The fibres and flowers of the island’s wood and grass lands are the raw materials for much traditional craft and modern art work. See how bamboo, banana fibre, palm leaves, grass and flower petals are crafted into hats, mats, slippers, toys, baskets and pictures of Island life.

At other times see a selection of work during short walks through Kingstown, upstairs at the new Kingstown Vegetable Market or at the Craft Outlet in Frenches. The National Trust building (ask for “the Old Public Library”), upstairs from the Alliance Francaise, is the venue for exhibitions for young artists; hosted by local and guest painters.

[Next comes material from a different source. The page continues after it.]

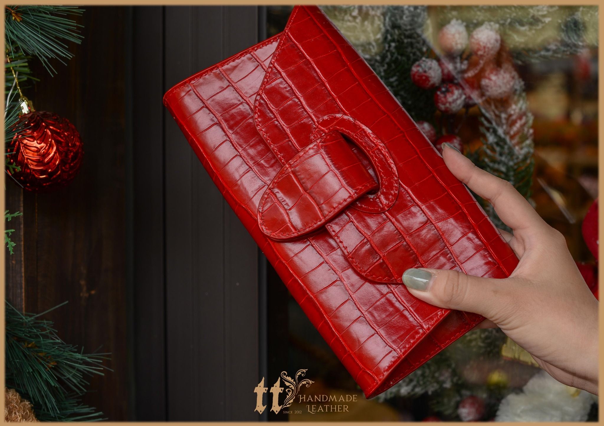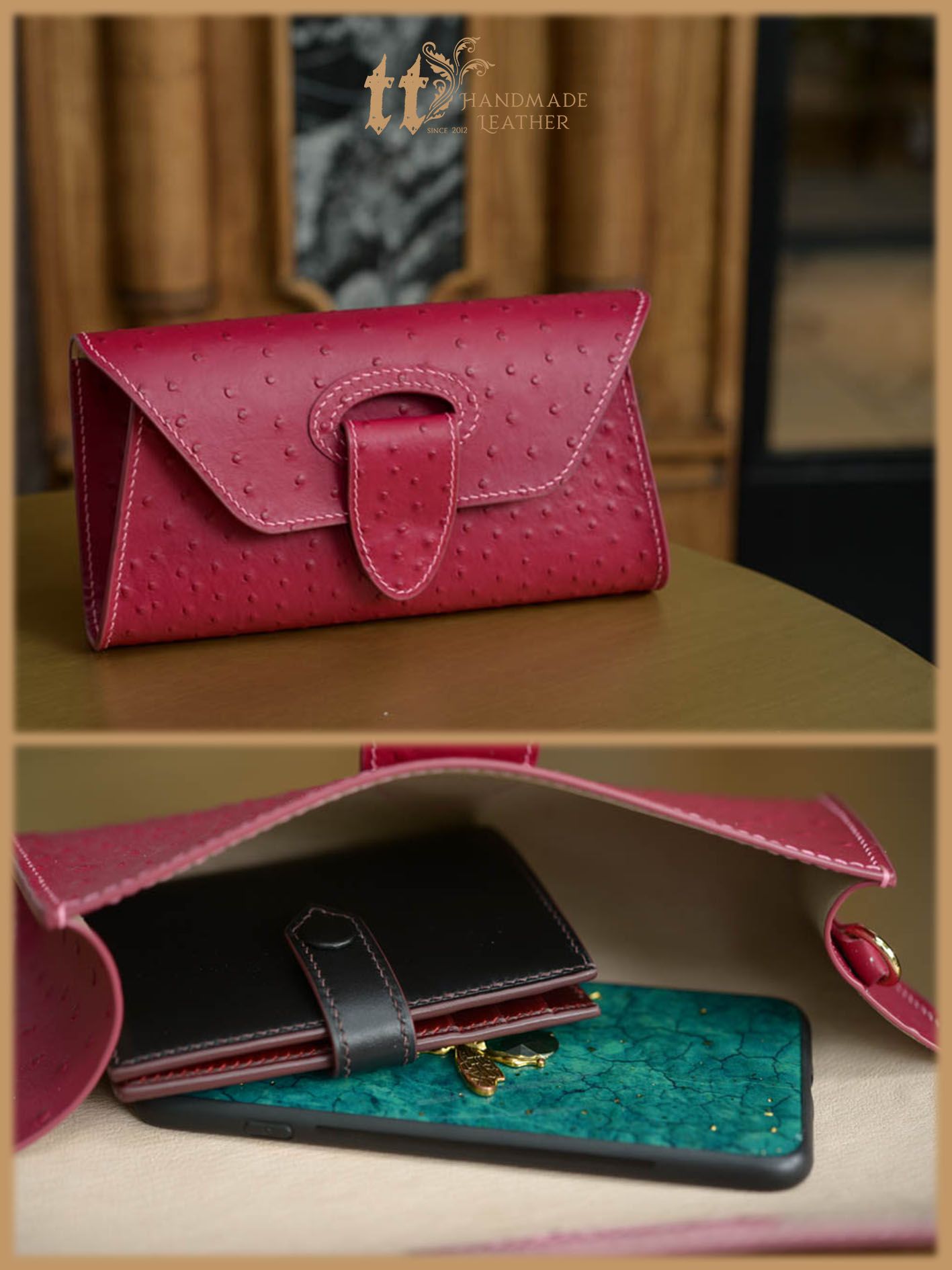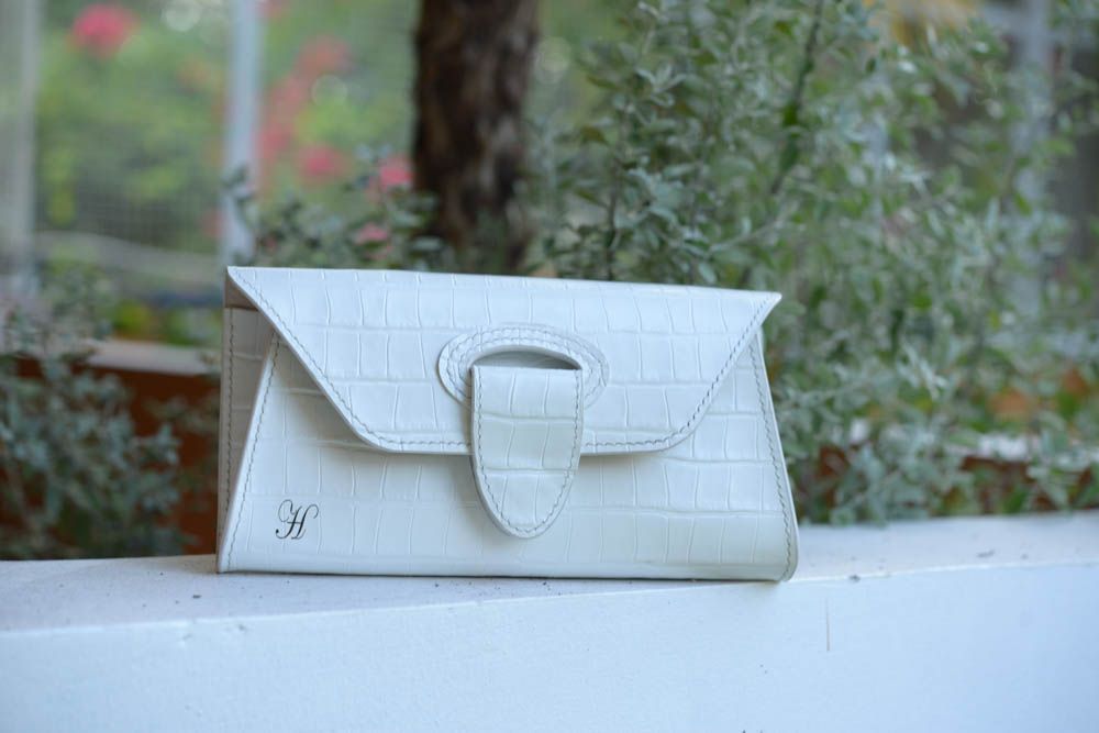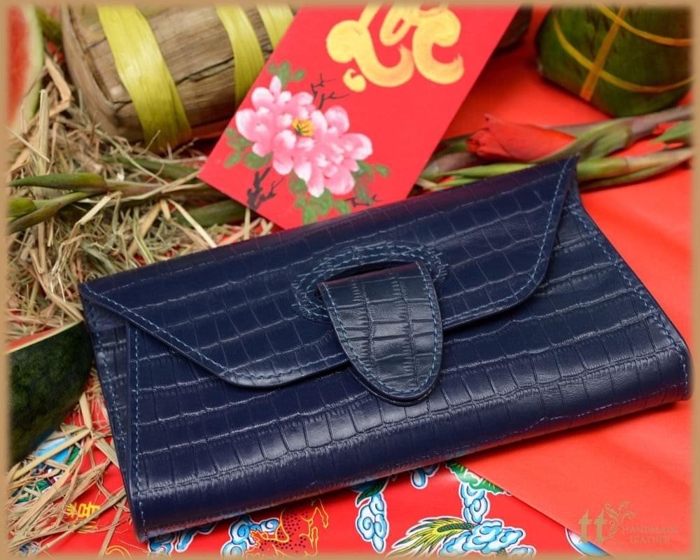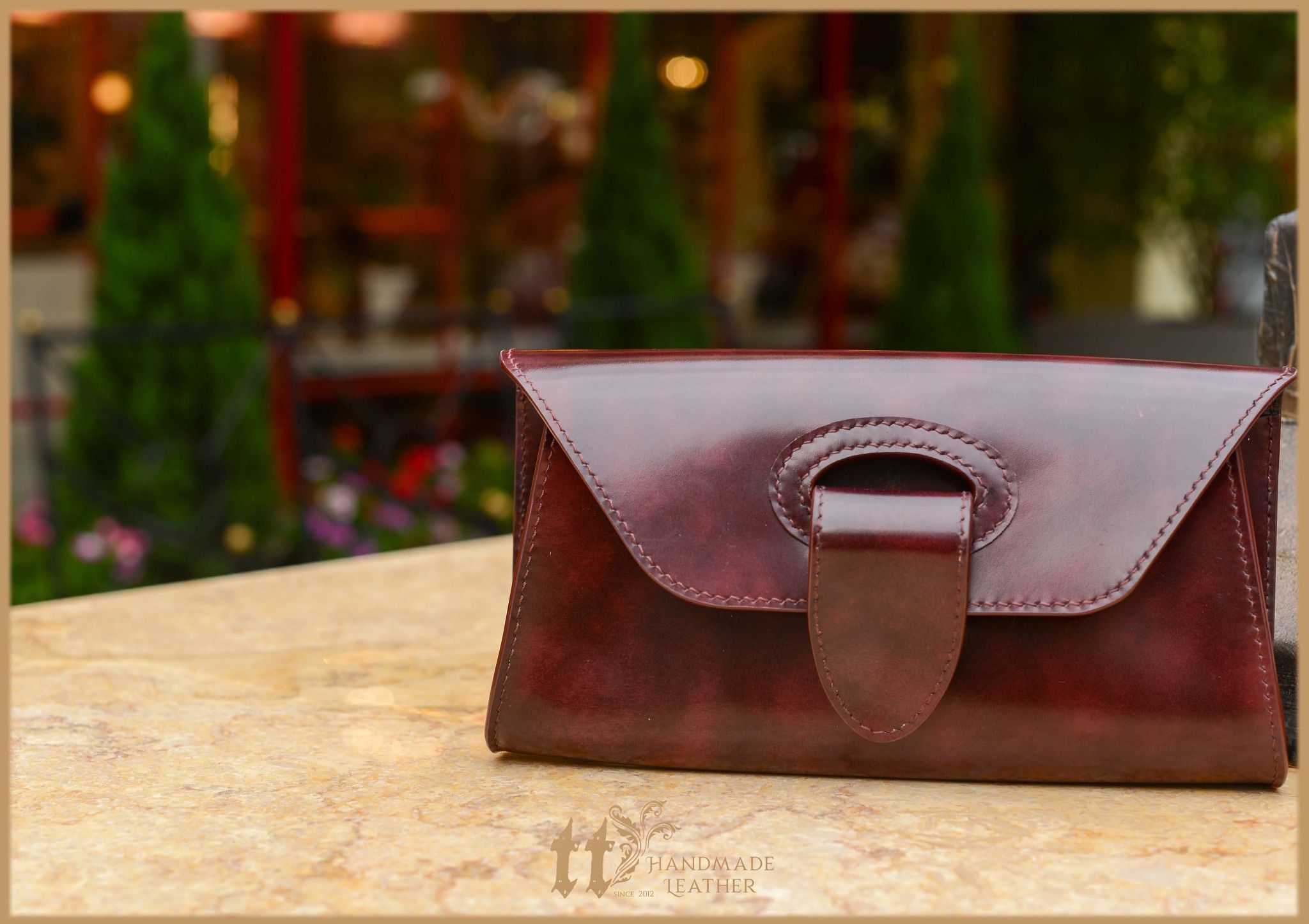 Clutch ngang 24cm, cao 12cm; được may tay tỉ mỉ, sơn viền cẩn thận, bên ngoài là da bò, bên trong có lót da heo.

More paintings are now on show at the Bounty Restaurant & Art Gallery (Tel: (784) 456-1776) on Egmont Street and on the outskirts of Kingstown in Villa at the Ocean Allegro Restaurant (Tel: 784 457-4425).

On the leeward coast of the Island, enjoy meeting artisans at Fibreworks in the Buccament Valley at Penniston. Founded by artist/designer Vonnie Roudette, here they utilise local materials and human resources to create unique hand-crafted items that are authentic reflections of the environment and its people.

Also on the leeward side look out for the Wallilabou Craft Centre, a co-operative of local villagers, where training is provided in various techniques of straw and weaving using fibres from pandanas and wiss plants. The workers here are involved in the weaving of baskets, handbags, hats and even children’s toys. Their motto tells it all: “In every piece of our craft lies a story of interaction with the environment through creativity and open hearts”.

Other communities too have their resident arts and crafts producers; take the time to be curious and ask who you can meet and perhaps be rewarded by a special visit to a workshop and a piece of unique Vincentian artwork to enjoy.